Israelis, for their part, are not signaling much optimism either.

"If the Israeli government does not sober up and realize that we have to settle an agreement with the Palestinians, then shortly the Americans will force us into an agreement that is good for the Americans, but not good for Israel," an Israeli chef and father-of-two, living just outside Jerusalem, told CNN.

According to a poll conducted shortly after the start of the Iraq war, only 37 percent of Israeli Jews believed there would be a better chance of achieving peace after the war, while 27 percent said there would be less chance of bringing about peace -- 36 percent had no opinion.

The poll by Smith Research, a well-known Israeli pollster, was conducted on March 24, 2003 -- four days after the first coalition strikes on Baghdad targets.

However, in another poll released on April 15, both sides expressed some optimism about the resumption of peace talks.

Seventy percent of Palestinians and 67 percent of Israelis said they believed that a government headed by Abu Mazen would be able to renew negotiations with Israel.

However, only 39 percent of Palestinians and 36 percent of the Israelis believed Abu Mazen would be able to control the security situation and reduce the violence, according to the poll conducted jointly by The Hebrew University in Jerusalem and the Palestinian Center for Policy and Survey Research in the West Bank town of Ramallah.

Sharon: 'Concessions' necessary

Israeli Prime Minister Ariel Sharon told Israeli newspaper columnists, in an interview published Wednesday, that he would meet with Abu Mazen as soon as he formed a cabinet, and also said that "concessions" by Israel would be necessary.

Abu Mazen
Abu Mazen

"In my opinion, real peace, peace for generations, peace that does not give rise to suicide bombers or terror organizations, necessitates

concessions," Sharon said in the interview with "Yedioth Ahronoth," one of Israel's daily Hebrew newspapers.

"There are places we will have to evacuate."

Palestinian cabinet minister Saeb Erakat has said that Palestinians are looking for "deeds" not words from Sharon.

The so-called Mideast quartet -- the United States, the European Union, the United Nations and Russia -- met late December and agreed upon a "draft road map" for peace.

According to a copy of the draft obtained by CNN, the ultimate goal is a "final and comprehensive settlement of the Israeli-Palestinian conflict by 2005."

In the first phase, the Palestinian leadership must call for an "immediate and unconditional cease-fire to end armed activity and all acts of violence against Israelis anywhere," a first step that would not be contingent upon any moves Israel may or may not make.

At the same time, Israel will be required to immediately bring an end to any actions "undermining trust, including deportations, attacks on civilians, confiscation and or demolition of Palestinian homes and property, as a punitive measure or to facilitate Israeli construction" -- a move also not contingent upon any steps the Palestinians may or may not take.

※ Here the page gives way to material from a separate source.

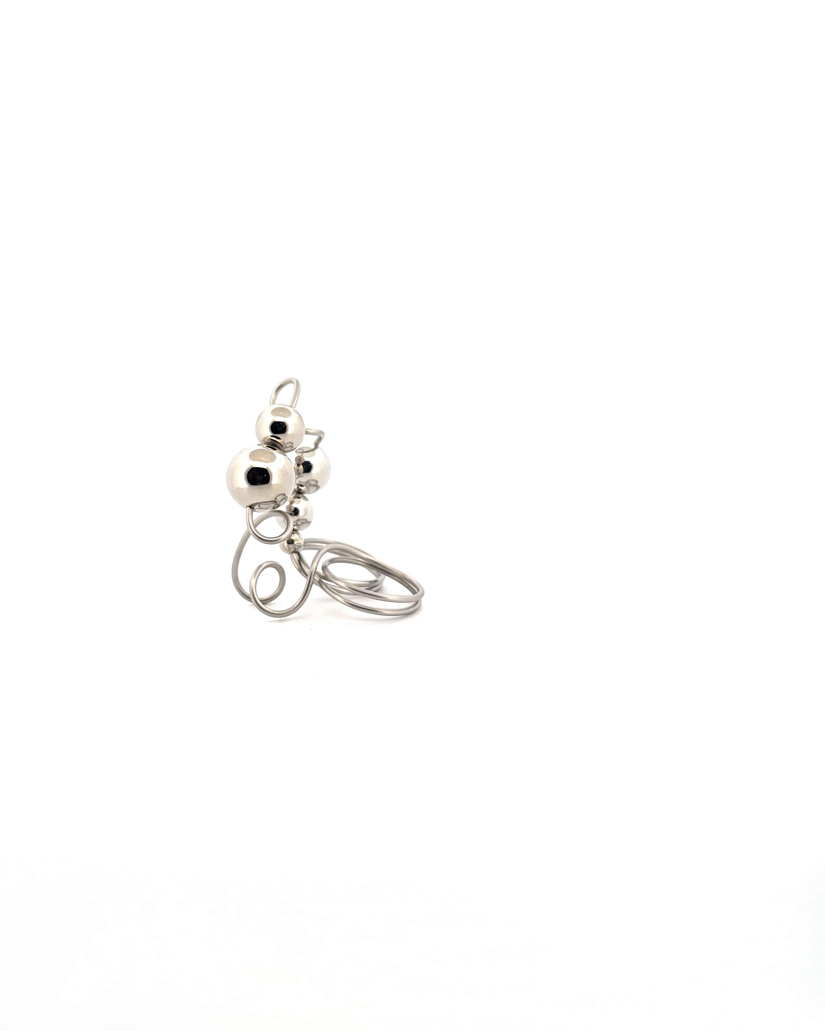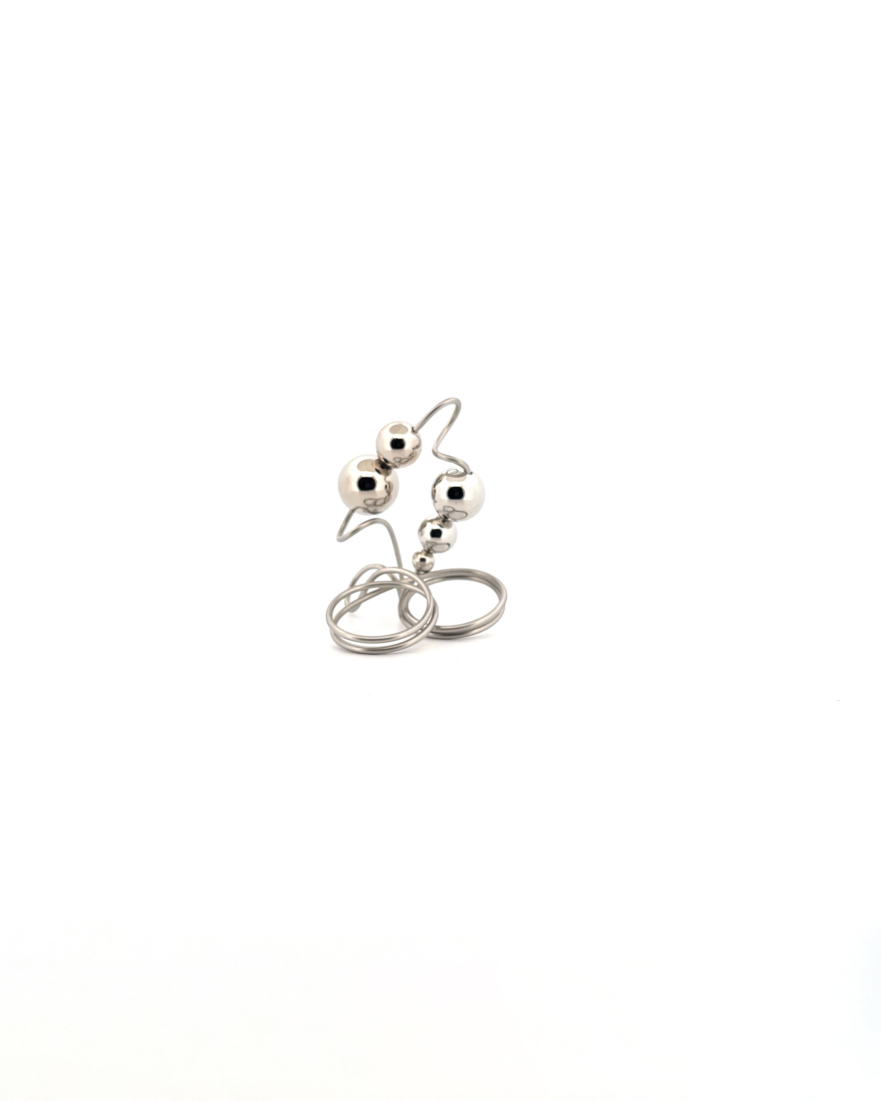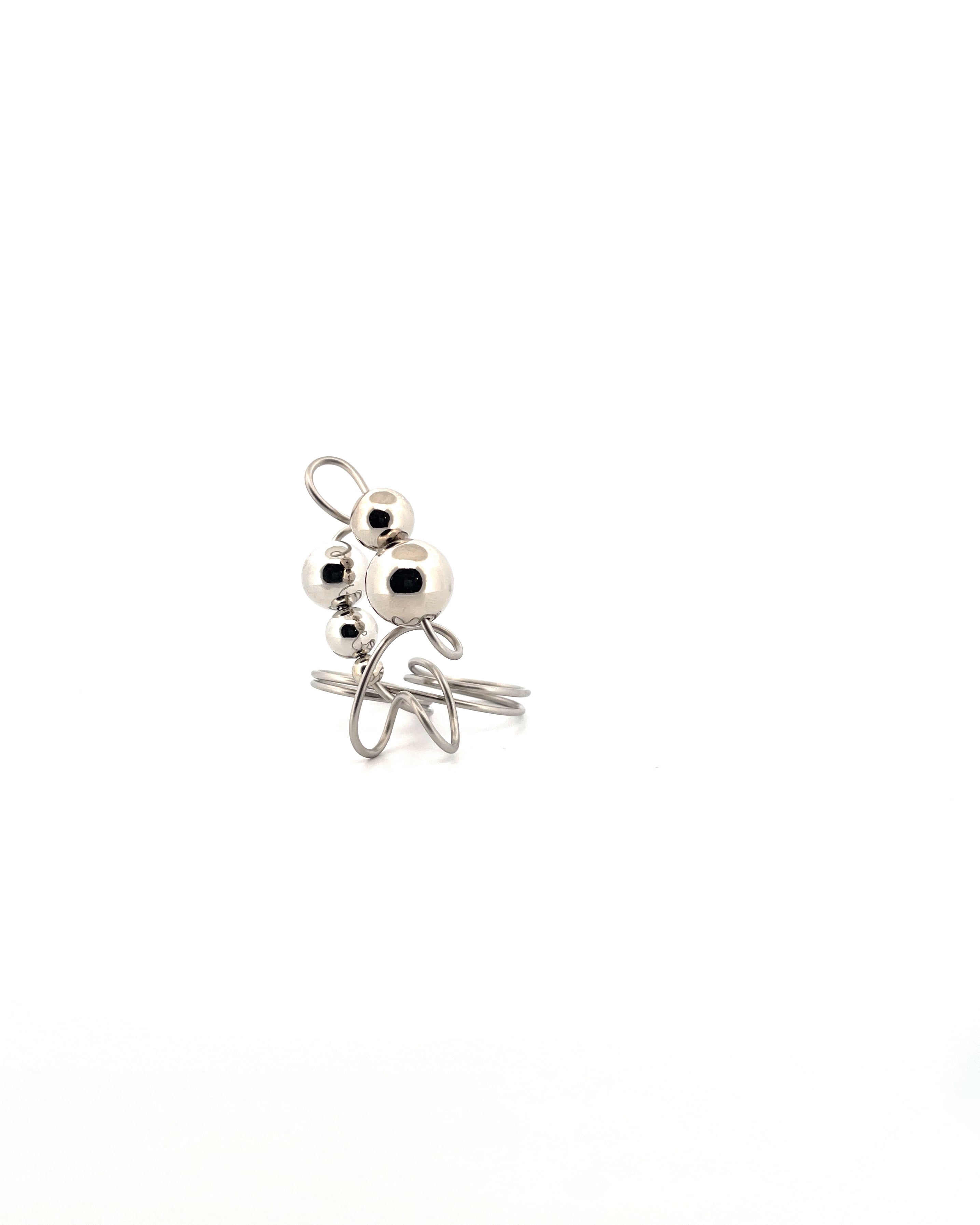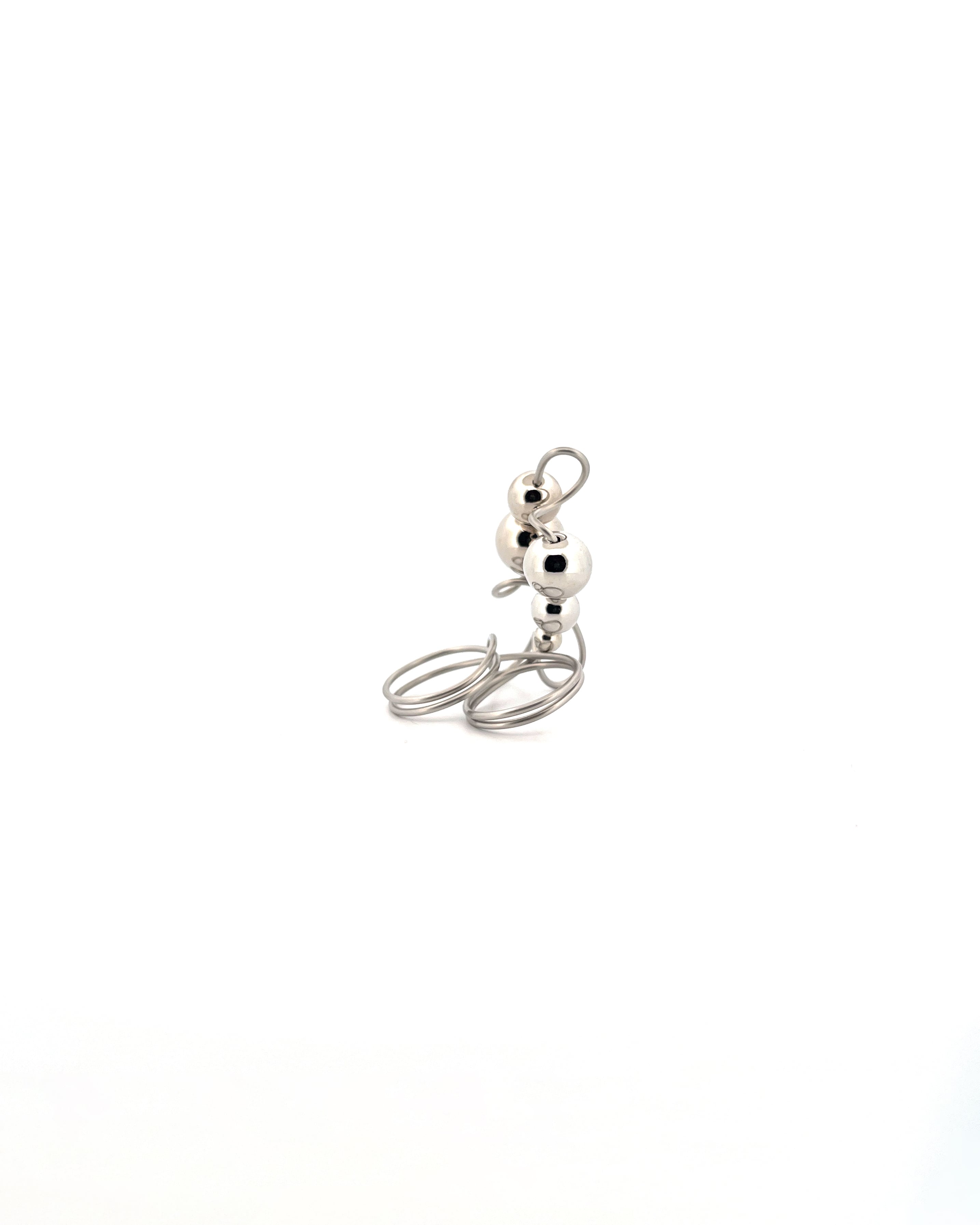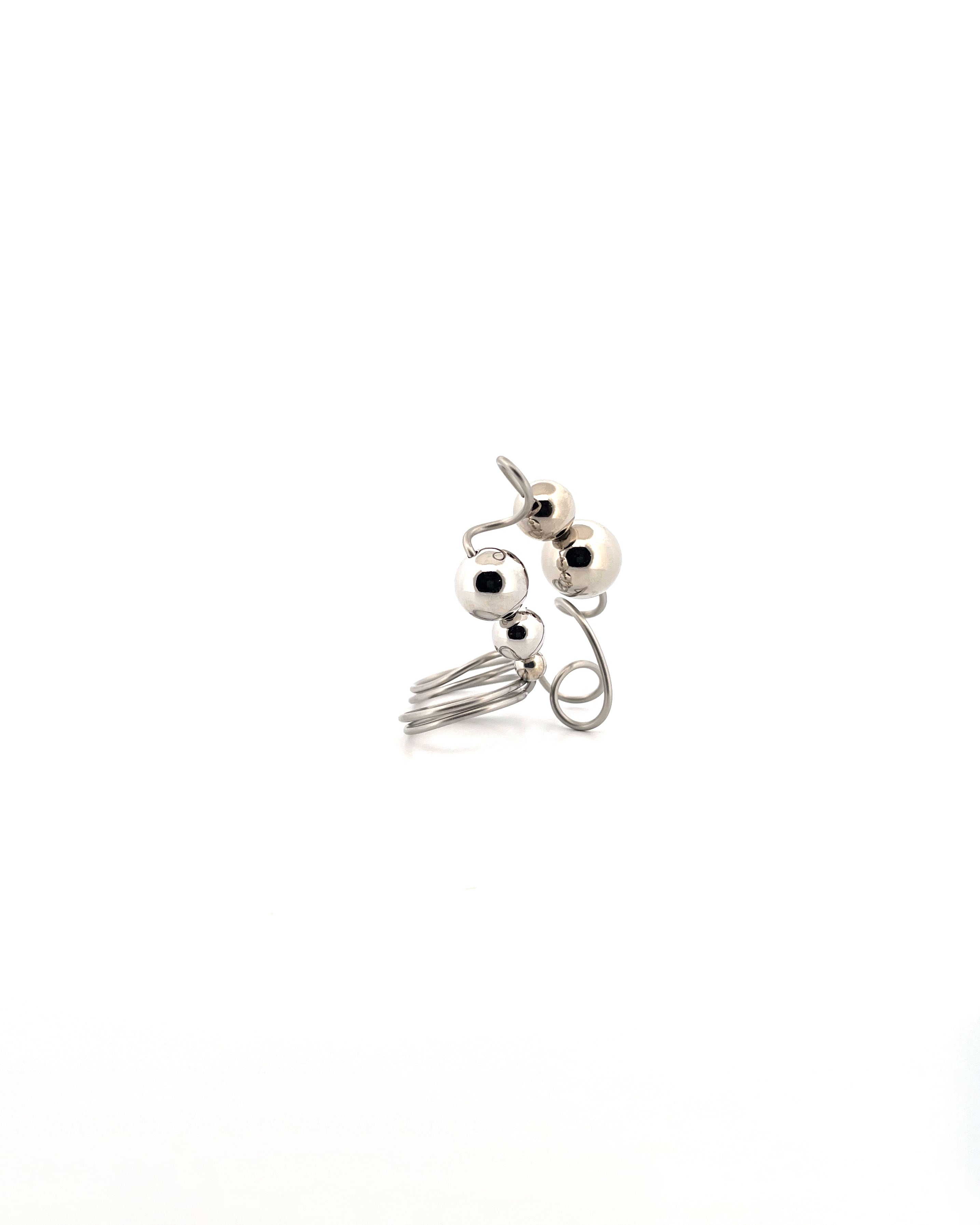 大きめのシルバービーズがアイデンティティとなっている重厚感のあるデザイン。縦型のシルエットはモードなスタイルに合わせやすくなっています。

Settlements under the spotlight

The Bush administration has also repeatedly said that Israel would have to freeze settlement activity. U.S. Secretary of State Colin Powell said Tuesday: "An essential part of the road map will be to deal with the issue of settlements ... Our position with respect to settlements is quite clear: That has to come to an end."

West Bank settlement
Jewish settlers in the West Bank say they are concerned

Jewish settlers in the West Bank say they are concerned that the U.S., in an effort to appease anti-American sentiment in the Arab world after the war in Iraq, will put significant pressure on Israel.

"I tend to be optimistic that the main pressure will be put on the Palestinians but if (Bush) loses the real perspective, he might put even unfair pressure on Israel as well," a Jewish settler near a West Bank settlement told CNN.

Some observers have questioned whether President Bush, who faces re-election in 2004, would risk alienating the support of American Jews and Christian conservatives, who advocate a strong pro-Israel stance, by pressuring Israel to make concessions for peace.

A senior Bush administration official told CNN that the president was serious about moving forward with the "road map" as soon as Abu Mazen's cabinet was set and approved by the Palestinian Parliament, and that the draft "road map" would be "delivered ... to the parties as it (was) written" in December.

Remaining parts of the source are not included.